◆ ABOUT THIS TASK:
Skip all pictures. Set down only the lines starting at the line containing "5. 행사 참여 : 5월" and running to the end of the listing.

◆ DATASET EXCERPT:

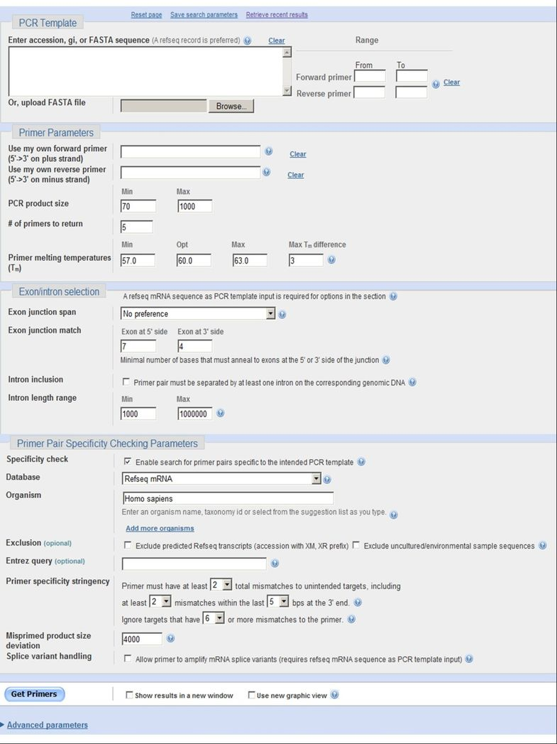 Other options, including parameters for BLAST search sensitivity, SNP exclusion and primer properties, etc. can be found under the “advanced parameters” section.
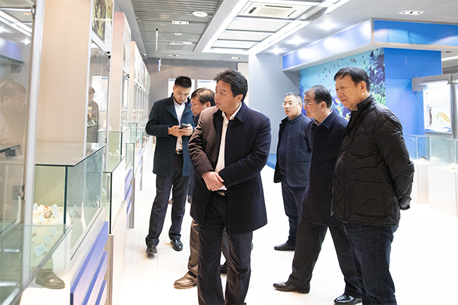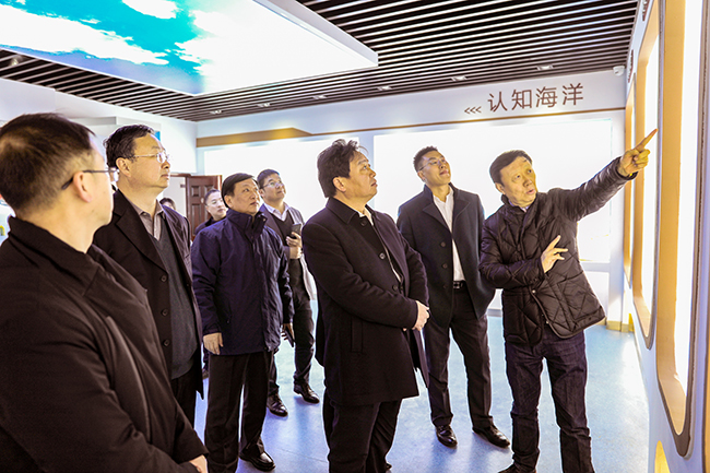 会前,宁晓明陪同于立忠参观了我校海洋经济与文化研究中心、海洋工程技术研究中心和海洋馆。
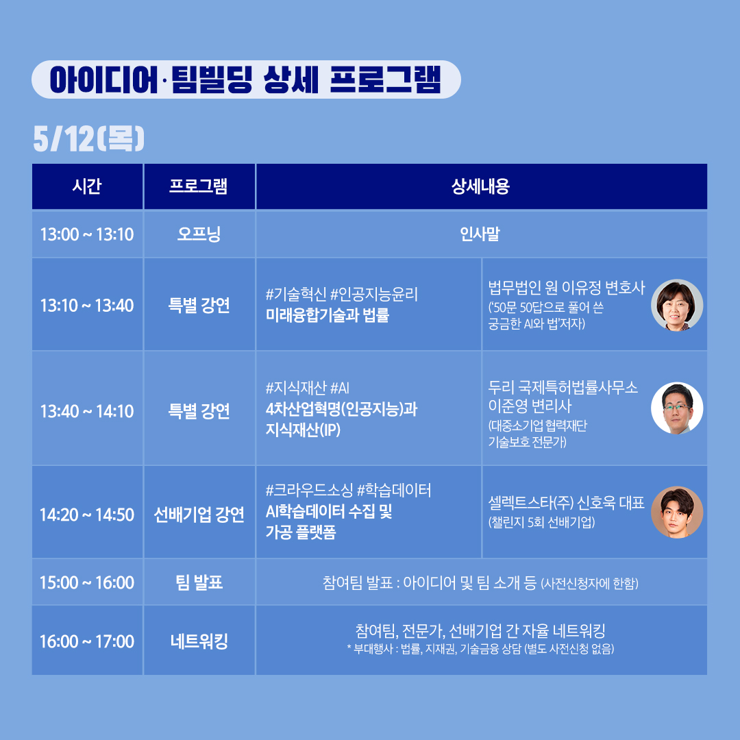 5. 행사 참여 : 5월 12일 목요일 13:00 ~ 17:00 (12:30까지 도착 요망)
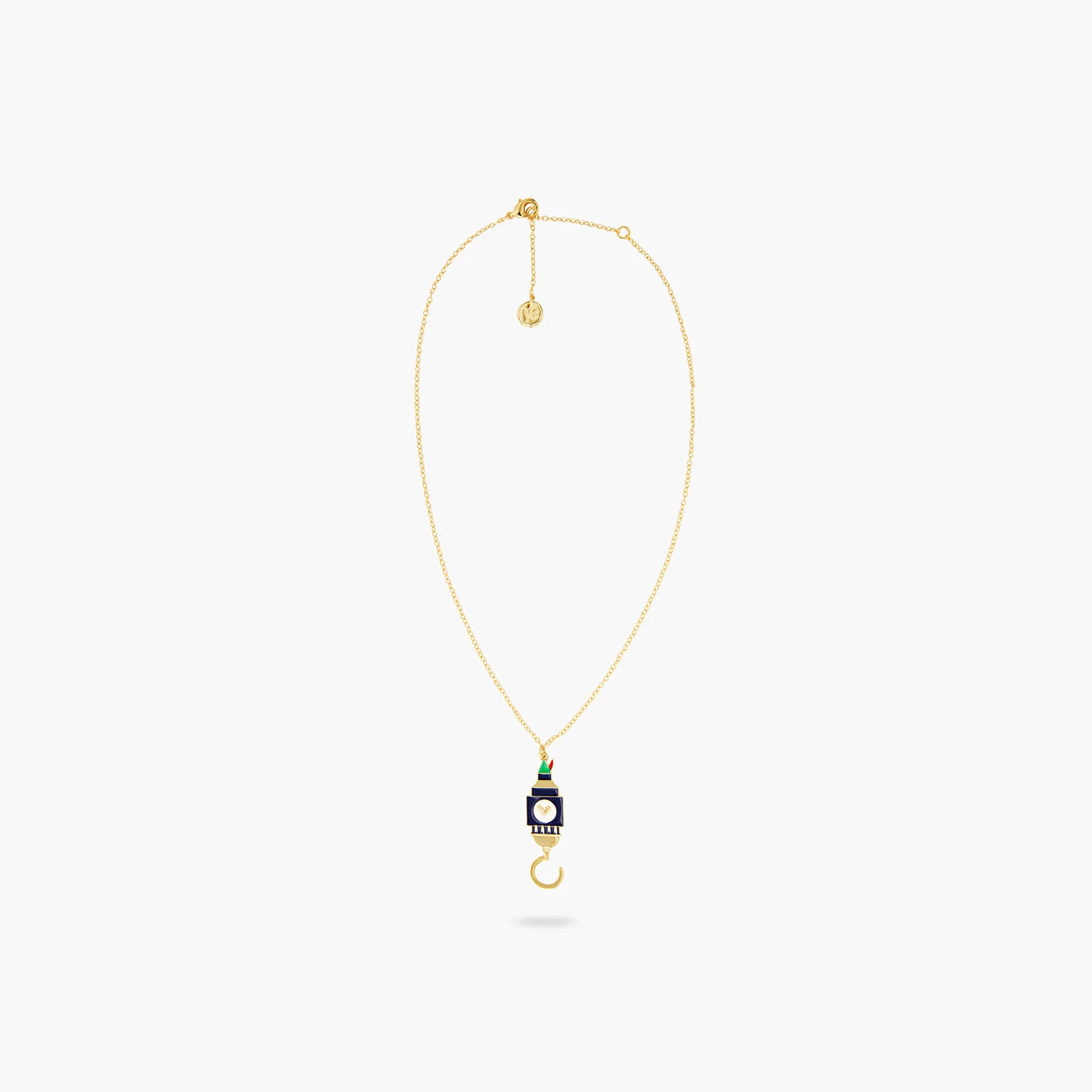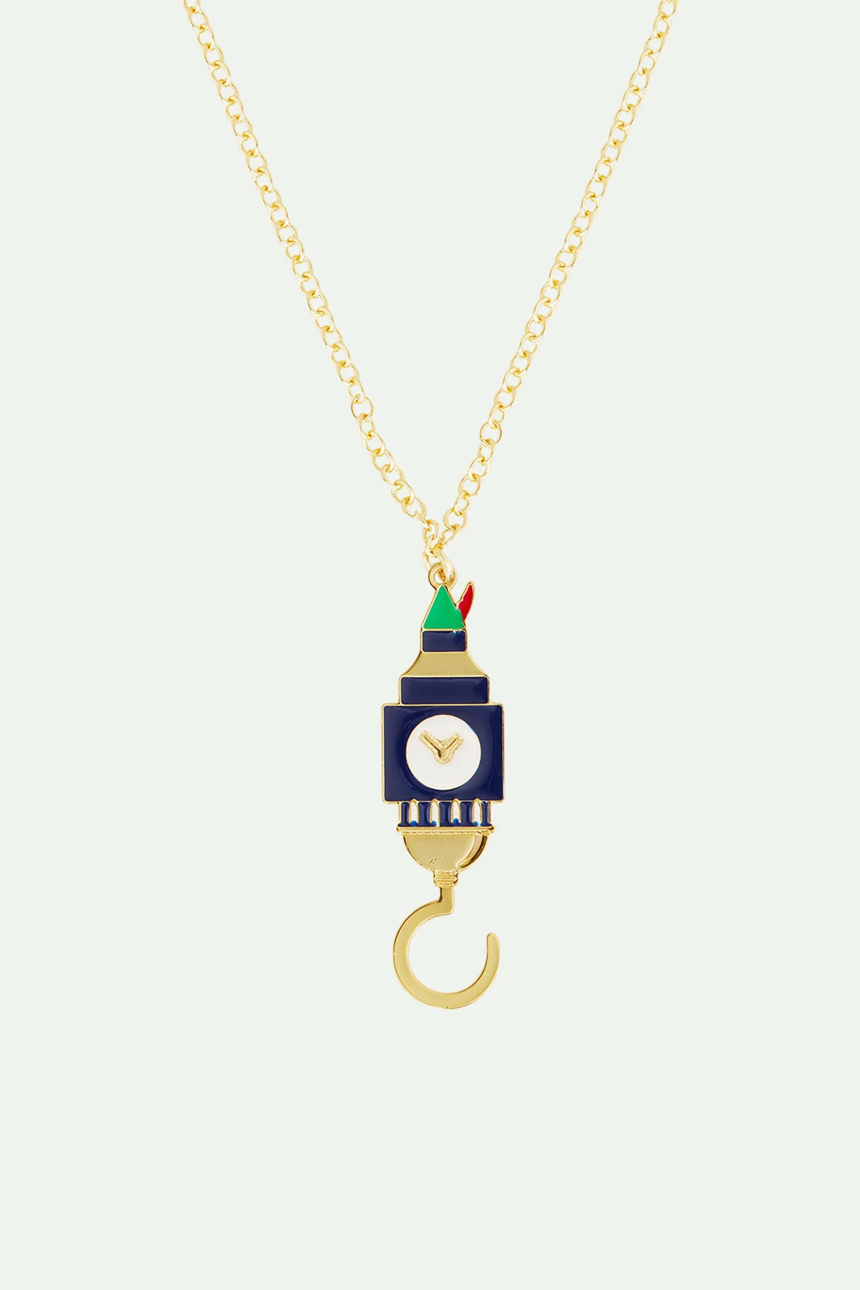 Découvrez la nouvelle collection Qui est Qui ? Un nouveau jeu dont vos bijoux sont les indices. Tentez de deviner en un clin d’œil à quel conte ce collier pendentif correspond. Au sommet, on aperçoit le chapeau ‘du petit garçon qui ne voulait pas grandir’. Et en bas, le crochet de son pire ennemi. Il s’agit bien évidemment du conte Peter Pan. Le Big Ben fait référence à la scène dans laquelle les enfants sont en ligne avec Peter Pan sur l’aiguille de la grande horloge, prêts à prendre leur envol. Collier Pendentif : Laiton doré à l’or fin et peint à la main

◆ ANSWER BELOW:
 5. 행사 참여 : 5월 12일 목요일 13:00 ~ 17:00 (12:30까지 도착 요망)
 Découvrez la nouvelle collection Qui est Qui ? Un nouveau jeu dont vos bijoux sont les indices. Tentez de deviner en un clin d’œil à quel conte ce collier pendentif correspond. Au sommet, on aperçoit le chapeau ‘du petit garçon qui ne voulait pas grandir’. Et en bas, le crochet de son pire ennemi. Il s’agit bien évidemment du conte Peter Pan. Le Big Ben fait référence à la scène dans laquelle les enfants sont en ligne avec Peter Pan sur l’aiguille de la grande horloge, prêts à prendre leur envol. Collier Pendentif : Laiton doré à l’or fin et peint à la main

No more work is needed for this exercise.